Так есть тут и для католиков храм, и для протестантов. Единственное условие – никакой розни! Любого, кто посмеет…
Случай был – трое католиков решили поглумиться над трупом гугенота, как привыкли. Из могилы выкопать, по городу проволочь…
Схватили сразу. Судили по всей строгости закона. Наказали – и поркой, и каторжными работами на десять лет. Да не за веру, нет! Хоть изверься – не жалко. А за осквернение могил – раз! За разжигание розни – два. За разнесение заразы, ибо известно, что мертвые тела и нечистоты для нее первейшая радость – три. Как ни негодовали отдельные личности, а пришлось добрым молодцам законы через задние ворота превосходить. Ни родители не помогли, ни друзья.
Был и другой случай. Кабатчик, перебравшись, вздумал крепким вином людей спаивать, а кого потом и грабить. Тоже на галеры попал. И за грабеж, и за то, что людям здоровье рушил. Нет на Руси таких привычек, как винопитие или никотиана… Последнее – так особенно. Ежели кого с трубкой никотианы увидят – уж побьют точно. А могут и чего похуже придумать. Но это – крайности. А так на Руси жить можно, да еще как неплохо жить! Сподобьтесь, господин, по городу погулять, сами убедитесь. Тут и о калеках заботятся! Либо к делу приставляют, либо в специальные дома селят – известно ж, что от сумы и от тюрьмы не зарекайся.
Дону Хуану оставалось только качать головой.
И смотреть на красивых женщин, крепких мужчин, уютные, устроенные деревеньки, чистые трактирчики (государь приказал за каждого платяного зверя трактирщика не штрафовать, но коли у него такое поймают – все присутствующие ночь ночевать и кушать бесплатно будут), густые леса и могучие реки.
Красива и велика Русь.
Воевать?
А вот этого благородному дону хотелось все меньше и меньше. И с каждым днем он все чаще думал, что хорошо бы иметь Русь… да в союзниках. Ему нашлось бы что предложить, а им…

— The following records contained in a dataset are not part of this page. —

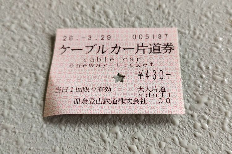 皿倉山のケーブルカーはお初。切符を出すと珍しく改札はさみで切りこみを入れるタイプで、その切込みの型が☆!日本三大夜景を意識してかな、と眺めてました。
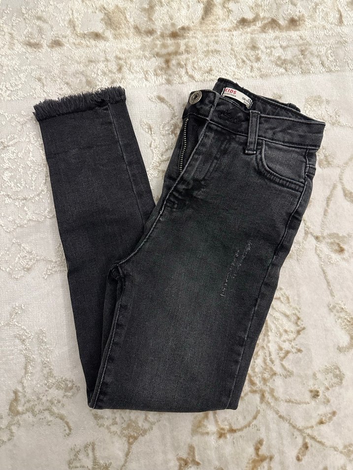 Gri denim kumaştan, tüylü detaylı, midi boy ve regular fit kesime sahip pantolon. Günlük sokak stili için uygundur. Kız çoçuğu pantolon 8-9 yaş yeni gibi
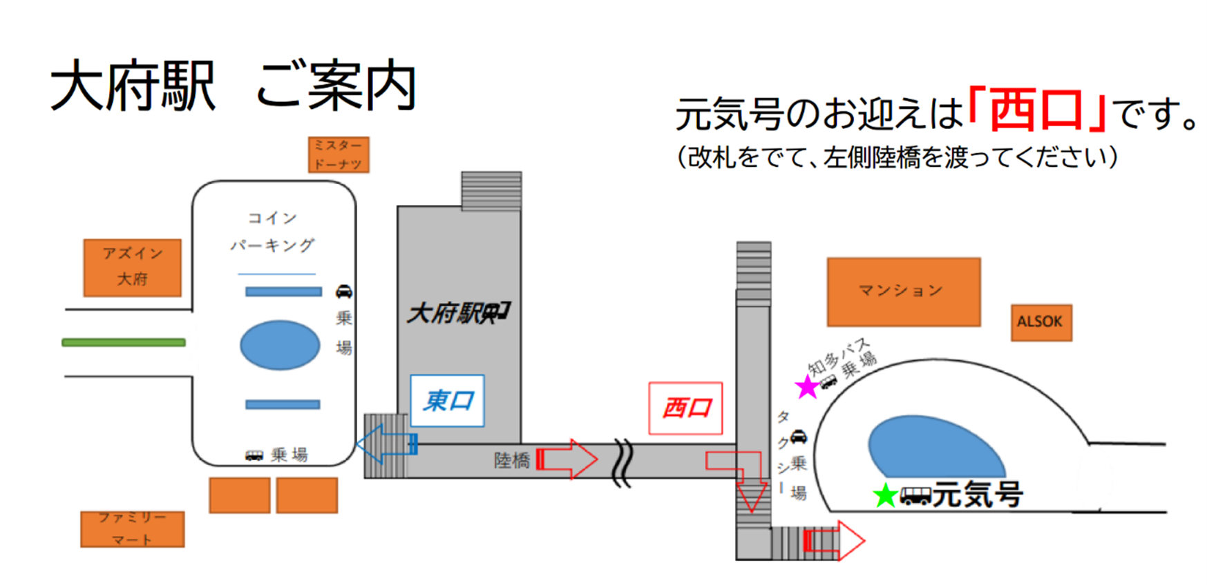 - JR 大府駅の改札をでて,左側陸橋を渡ったロータリーにて乗車。

Интересно, что может предложить Русь? Дон Хуан не знал. Но не сомневался, что если предложение сделают, отказывать он попросту не захочет.
* * *
– Триумфальное возвращение – есть! Памятников никаких не надобно, нам еще со шведами грызться и грызться. Надобно медали начеканить, чтобы на всех хватило. Дальше… Алеша прислал списки – там раненых и увечных, то есть к строевой негодных – сорок два человека. Им – пенсию или работу. У нас как раз и места есть подходящие. Дома – обязательно. Погибших – почти триста человек. Семьям пенсии. Если есть сыновья или дочери – приглядеться. Нам для Дьяково всегда кадры нужны.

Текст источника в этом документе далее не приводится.